L’unica cosa che Mélina ha ottenuto è il rimpatrio dei suoi tre figli nati in Francia. Il più piccolo, venuto alla luce sotto il Califfato, rimane con lei in prigione. C’è poi il caso di Margot Dubreuil, 27 anni, detenuta dai curdi siriani con 3 bambini dopo essere stata arrestata a Raqqa. Si è a conoscenza anche di una ventottenne con 3 bambini che aveva seguito il marito tunisino, poi ucciso. Anche lei è in mano curda. Secondo i media francesi sarebbero più di una decina i foreign fighters francesi o le loro mogli catturati dalle forze anti-Isis, senza contare i bambini. Ci sono numerosi minori senza genitori. Inoltre gli analisti calcolano circa 700 adulti di origine europea, ex combattenti o loro famigliari, con oltre 500 bambini ancora nascosti nella regione, mescolati alla popolazione civile oppure in clandestinità. Alcuni sono fuggiti nei paesi limitrofi. Una francese accusata di terrorismo è finita nel carcere di Bengasi, mentre il marito con i due figli si sarebbe eclissato in Libia. L’opinione pubblica francese è in maggioranza contraria ai rimpatri di ex-Isis ma il presidente Emmanuel Macron ha chiesto prudenza e invitato ad analizzare le situazioni caso per caso.

Di sicuro le autorità giudiziarie irachene sono attente a non creare imbarazzo: l’anno scorso lo stesso giorno hanno condannato una diciassettenne tedesca a 6 anni per appartenenza all’Isis, mentre con la stessa accusa una turca è stata condannata a morte, un’azera e altre 10 donne mediorientali alla detenzione a vita. Si intuisce quanto l’influenza dei governi abbia il suo peso. A febbraio 2018 in Iraq si contavano detenute per terrorismo 509 donne straniere, di cui 300 turche, con 813 bambini. Il 21 gennaio una tedesca, la cui identità non è stata rivelata, è stata condannata a morte per impiccagione, creando un forte disagio in Europa. Nel dicembre precedente uno svedese era già finito sulla forca. Dopo un inizio prudente, l’Iraq ha accelerato le sentenze capitali e le esecuzioni: nel maggio di quest’anno 40 donne (vedove o attiviste Isis) sono state condannate a morte. Per gli uomini è andata peggio: più di 300 condanne alla pena capitale.
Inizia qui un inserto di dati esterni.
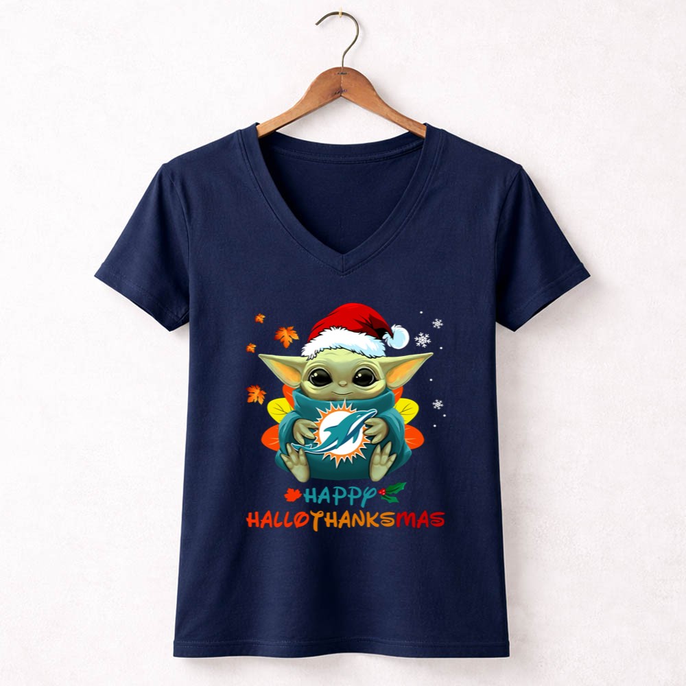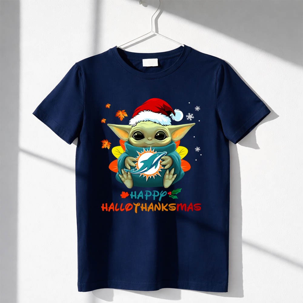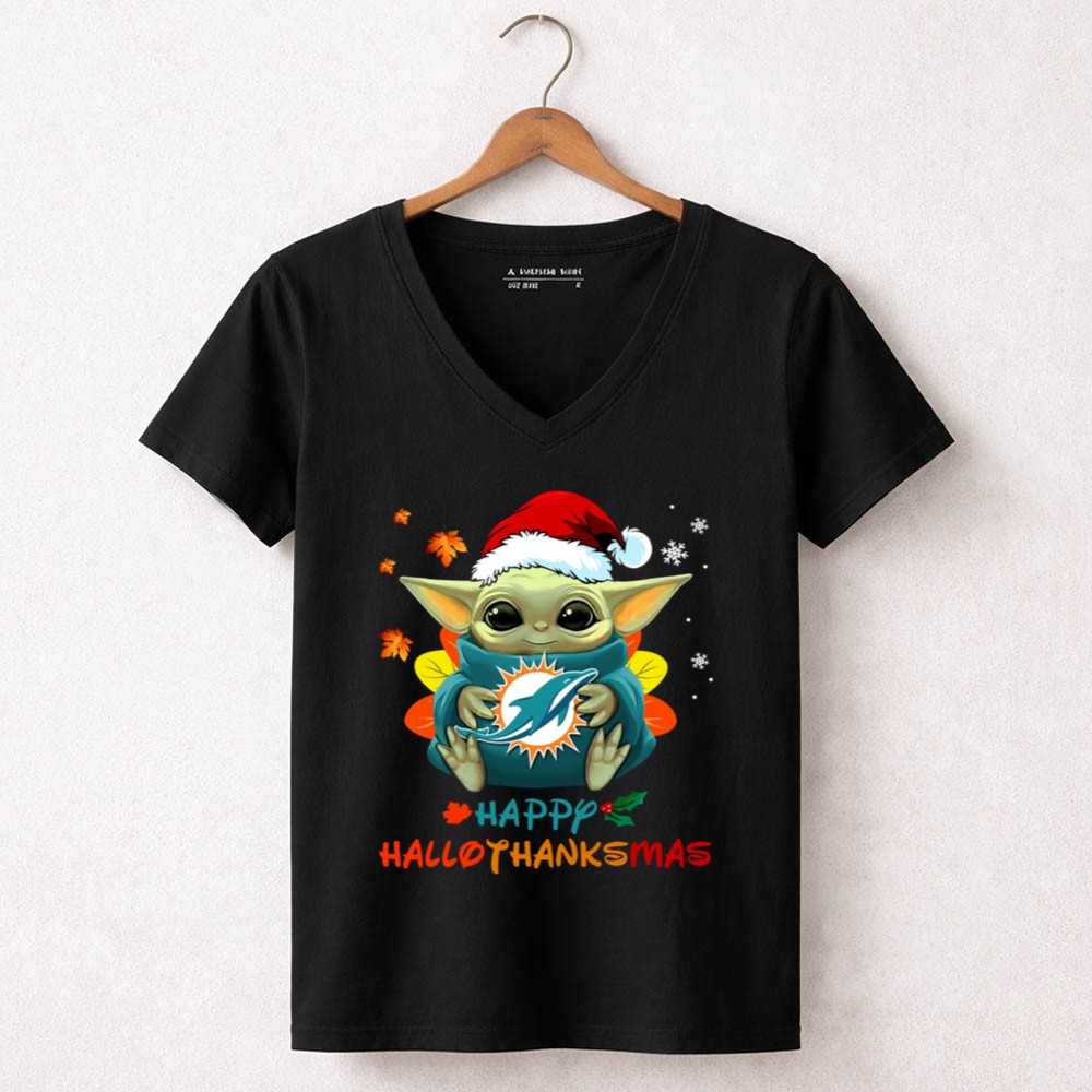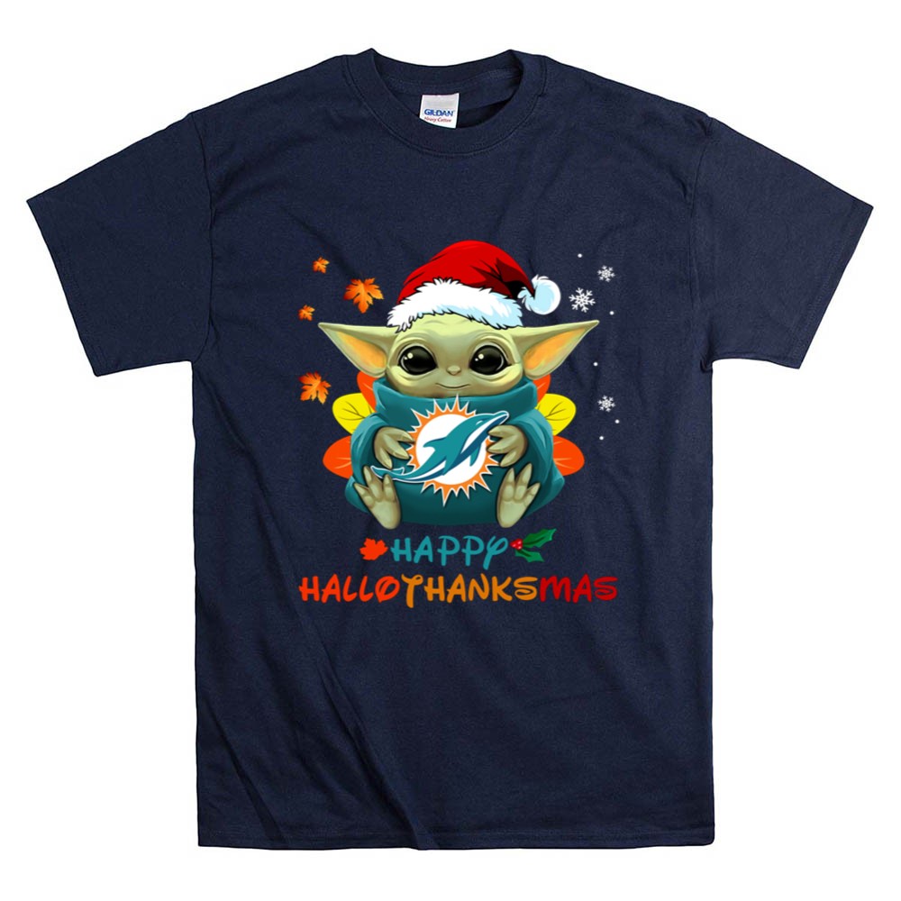 This design captures the heartwarming essence of the holidays by combining the beloved Baby Yoda with the Miami Dolphins spirit. The playful imagery evokes nostalgia and community pride, inviting fans to celebrate the season with joy and laughter. With its festive text, ‘HAPPY HALLTHANKSMAS,’ it embodies the warmth of family gatherings and the excitement of game day.

Sul totale 80 sono stati già uccisi. Quanti fra loro avrebbero potuto avvalersi di una giustizia diversa? Non lo sappiamo perché tutto è avvolto dal più stretto riserbo e i processi sono brevissimi.

Se tale è la situazione in Iraq, ancor più ambigua è la sorte di chi è in mano ai curdi siriani: sotto quale giurisdizione ricadono? La stessa categoria degli arrestati è dubbia: civili? civili in armi? Il paradosso è che non esiste in Siria uno “stato di guerra” legalmente dichiarato, di conseguenza regna il caos: quale autorità giuridica può venir accreditata come legale? In gennaio scorso su Bfm tv il portavoce del governo francese ha dichiarato che «i francesi in mano dei curdi di Siria potrebbero essere giudicati laggiù se le istituzioni giudiziarie saranno capaci di assicurare un processo equo». Damasco ha protestato subito: il Rojava non è uno Stato riconosciuto. Il riferimento era alla situazione di Emilie König, una bretone di 33 anni, pioniera del jihad e famosa reclutatrice, figlia di un gendarme di Morbilhan, nata nel 1984 e convertita all’islam salafita a 17 anni. Emilie era famosa prima ancora della sua partenza: aveva già adottato il velo integrale, facendone la sua battaglia con continue manifestazioni, interventi in tv e così via. Fuggita in Siria a fine 2012, si fa notare in video mentre spara e si addestra. Dal 2015 è iscritta nella lista nera dei terroristi. La sua sanguinaria avventura termina a inizio 2017: catturata durante la battaglia di al-Chaddadeh a nord est della Siria, oggi è detenuta dai curdi siriani assieme ad un’altra decina di donne francesi. Vanamente gli avvocati hanno chiesto che sia giudicata in Francia. Le autorità francesi restano caute anche perché Emilie non si è mai arresa ma è stata catturata con le armi in pugno. I fatti sono complicati dai processi intentati in Francia contro le “madri del Jihad”, come chiamano le donne che hanno raggiunto o visitato i figli durante la guerra con l’Isis. Alcune dicono di averlo fatto per tentare di recuperare i propri congiunti, altre di voler stare al fianco dei figli “fino alla loro morte”. Famiglie distrutte dal fanatismo, terribili danni collaterali del jihadismo.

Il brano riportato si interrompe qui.